• _EXERCISE OBJECTIVE_: A single figure is required: the number of lines in the data below that hold the word "bicicletes".

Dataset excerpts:
BEGIN
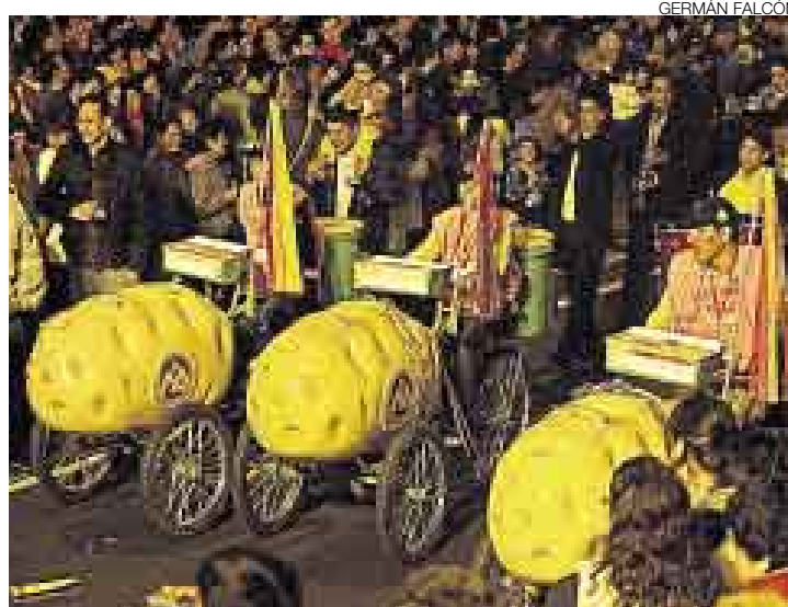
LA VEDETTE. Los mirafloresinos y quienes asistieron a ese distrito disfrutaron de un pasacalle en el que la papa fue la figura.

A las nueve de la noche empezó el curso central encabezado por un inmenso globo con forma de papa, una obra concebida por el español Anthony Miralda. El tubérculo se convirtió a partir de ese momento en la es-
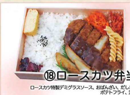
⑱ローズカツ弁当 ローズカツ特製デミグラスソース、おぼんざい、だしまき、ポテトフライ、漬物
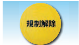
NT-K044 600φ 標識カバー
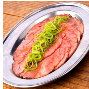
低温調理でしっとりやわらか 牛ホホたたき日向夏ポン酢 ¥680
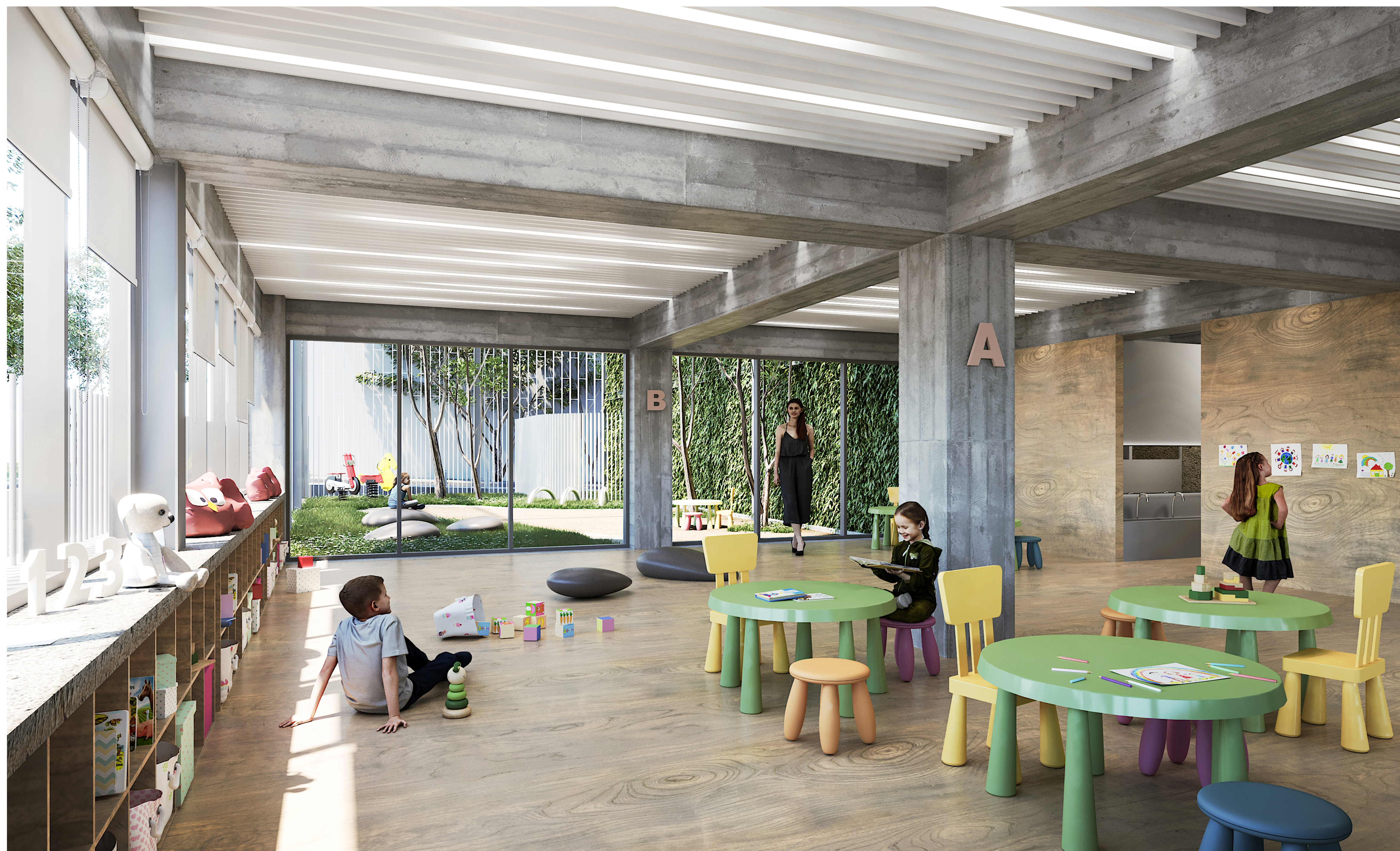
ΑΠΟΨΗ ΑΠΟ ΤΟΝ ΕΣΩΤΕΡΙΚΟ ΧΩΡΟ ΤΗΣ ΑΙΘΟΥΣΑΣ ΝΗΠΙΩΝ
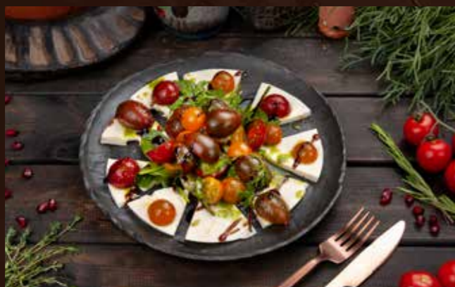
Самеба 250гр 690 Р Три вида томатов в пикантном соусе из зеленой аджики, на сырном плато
END
BEGIN
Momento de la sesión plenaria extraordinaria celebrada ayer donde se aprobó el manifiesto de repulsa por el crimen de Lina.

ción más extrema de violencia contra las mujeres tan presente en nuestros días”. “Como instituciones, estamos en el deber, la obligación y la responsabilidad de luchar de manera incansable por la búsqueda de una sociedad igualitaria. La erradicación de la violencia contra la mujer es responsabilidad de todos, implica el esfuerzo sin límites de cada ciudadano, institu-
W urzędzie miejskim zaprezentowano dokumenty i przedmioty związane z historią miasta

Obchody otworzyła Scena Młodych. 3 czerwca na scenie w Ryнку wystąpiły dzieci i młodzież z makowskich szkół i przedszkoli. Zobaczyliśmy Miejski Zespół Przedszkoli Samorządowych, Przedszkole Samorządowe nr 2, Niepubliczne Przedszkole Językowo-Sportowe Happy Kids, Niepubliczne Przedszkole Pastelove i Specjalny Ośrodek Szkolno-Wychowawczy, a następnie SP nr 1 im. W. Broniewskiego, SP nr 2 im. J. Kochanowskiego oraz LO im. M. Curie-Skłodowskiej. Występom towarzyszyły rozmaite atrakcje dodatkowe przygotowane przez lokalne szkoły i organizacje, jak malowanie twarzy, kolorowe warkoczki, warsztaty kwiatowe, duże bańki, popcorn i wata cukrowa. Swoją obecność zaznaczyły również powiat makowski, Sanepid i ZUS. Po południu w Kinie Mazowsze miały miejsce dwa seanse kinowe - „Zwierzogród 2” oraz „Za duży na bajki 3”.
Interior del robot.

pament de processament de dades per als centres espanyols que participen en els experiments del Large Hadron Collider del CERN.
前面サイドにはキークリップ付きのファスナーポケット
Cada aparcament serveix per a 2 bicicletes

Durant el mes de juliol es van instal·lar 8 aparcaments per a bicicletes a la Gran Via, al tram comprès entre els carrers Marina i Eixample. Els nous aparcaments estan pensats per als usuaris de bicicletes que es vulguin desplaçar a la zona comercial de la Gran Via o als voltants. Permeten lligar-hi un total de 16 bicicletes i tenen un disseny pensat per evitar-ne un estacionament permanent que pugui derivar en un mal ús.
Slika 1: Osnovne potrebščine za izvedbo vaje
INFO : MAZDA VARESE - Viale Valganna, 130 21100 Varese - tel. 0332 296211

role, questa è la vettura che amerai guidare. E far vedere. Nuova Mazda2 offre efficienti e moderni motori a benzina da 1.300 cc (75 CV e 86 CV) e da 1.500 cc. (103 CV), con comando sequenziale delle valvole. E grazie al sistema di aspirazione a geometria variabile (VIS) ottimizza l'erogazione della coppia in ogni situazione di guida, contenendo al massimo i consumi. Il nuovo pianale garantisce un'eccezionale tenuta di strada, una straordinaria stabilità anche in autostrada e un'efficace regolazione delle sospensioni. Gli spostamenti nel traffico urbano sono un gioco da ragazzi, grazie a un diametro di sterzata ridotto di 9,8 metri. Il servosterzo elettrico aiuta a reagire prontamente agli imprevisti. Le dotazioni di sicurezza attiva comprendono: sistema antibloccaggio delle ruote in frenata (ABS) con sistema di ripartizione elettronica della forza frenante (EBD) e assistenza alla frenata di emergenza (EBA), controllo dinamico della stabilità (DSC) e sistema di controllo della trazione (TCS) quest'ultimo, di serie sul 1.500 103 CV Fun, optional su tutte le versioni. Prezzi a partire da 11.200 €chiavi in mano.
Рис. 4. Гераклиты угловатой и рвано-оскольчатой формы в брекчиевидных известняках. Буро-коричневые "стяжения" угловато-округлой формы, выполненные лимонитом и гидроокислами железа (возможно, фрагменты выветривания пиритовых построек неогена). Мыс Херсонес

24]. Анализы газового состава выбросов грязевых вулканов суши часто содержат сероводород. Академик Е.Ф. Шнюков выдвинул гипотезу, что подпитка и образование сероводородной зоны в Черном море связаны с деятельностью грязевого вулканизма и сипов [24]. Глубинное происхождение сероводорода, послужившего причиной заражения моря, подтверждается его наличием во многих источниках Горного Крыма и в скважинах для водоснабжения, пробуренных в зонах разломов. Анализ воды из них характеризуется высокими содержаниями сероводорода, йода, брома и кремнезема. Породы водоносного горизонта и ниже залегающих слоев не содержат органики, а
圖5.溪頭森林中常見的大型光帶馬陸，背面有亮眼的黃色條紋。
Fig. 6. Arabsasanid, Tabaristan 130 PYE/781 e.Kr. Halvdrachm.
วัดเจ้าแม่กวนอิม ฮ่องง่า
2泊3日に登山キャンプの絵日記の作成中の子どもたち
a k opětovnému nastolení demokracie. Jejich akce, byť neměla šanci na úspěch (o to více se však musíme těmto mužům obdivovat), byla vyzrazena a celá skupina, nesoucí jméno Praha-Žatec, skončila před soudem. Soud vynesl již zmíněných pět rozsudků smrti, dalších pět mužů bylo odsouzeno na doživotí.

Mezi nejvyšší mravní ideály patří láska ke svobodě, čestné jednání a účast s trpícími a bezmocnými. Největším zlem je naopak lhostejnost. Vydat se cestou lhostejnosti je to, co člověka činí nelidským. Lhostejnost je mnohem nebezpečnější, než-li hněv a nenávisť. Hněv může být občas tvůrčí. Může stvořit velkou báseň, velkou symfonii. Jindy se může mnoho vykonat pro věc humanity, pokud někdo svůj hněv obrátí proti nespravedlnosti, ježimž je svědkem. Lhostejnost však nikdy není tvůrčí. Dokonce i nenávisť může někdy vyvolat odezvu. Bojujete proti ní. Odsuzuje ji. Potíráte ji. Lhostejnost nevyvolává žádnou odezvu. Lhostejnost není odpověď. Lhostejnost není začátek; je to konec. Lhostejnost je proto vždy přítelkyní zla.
END
• _RESPONSE_: 2